Smaller developers are looking to leverage the demand for continuous replication, too. CodeFutures, for example, is touting a patent for its proprietary CR technology designed to ensure that database functionality and other key processing operations can be maintained even if main systems are offline. The dbShards/Replicate component of the broader dbShards platform provides improved reliability between DBMS instances that are spread across multiple data centers or clouds, and can also be used by admins to maintain continuous service if one or more databases is undergoing routine maintenance. The system resides in commodity hardware and can be used with multi-user OLTP databases, online services and SaaS applications.

Meanwhile, an Israeli startup called CloudEndure has released a beta version of its real-time replication system aimed at cloud-based applications. With the enterprise relying on third-party infrastructure to an increasing degree, recovery solutions need to focus not just on the loss of owned-and-operated infrastructure, but third-party resources as well. The CloudEndure platform claims to eliminate downtime by maintaining an entire application environment within multiple clouds.

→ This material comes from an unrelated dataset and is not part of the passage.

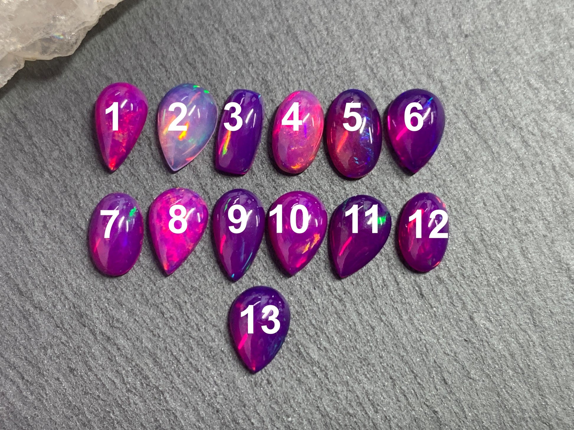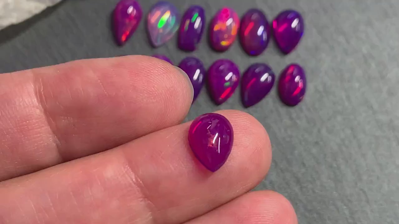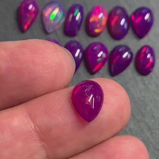 Ethiopian Opal oval, pear, rectangle 10mm long cabochon - Natural Opal smoked to purple color

If one cloud should fail, CloudEndure promises a single-click restoration to bring the alternate environment online.

Continuous replication is a more complicated and costly endeavor than the scheduled processes of today, requiring substantial demand of network and other resources, even during peak data loads. Leading platforms today promise to carry out the function with as little disruption to normal operations as possible, but much of that will depend on underlying infrastructure rather than the replication platform itself.

As to its true value to the enterprise, that’s up to the CIO, who should carefully weigh the value of organizational data and the overall consequences should it be lost or unusable for an extended period of time.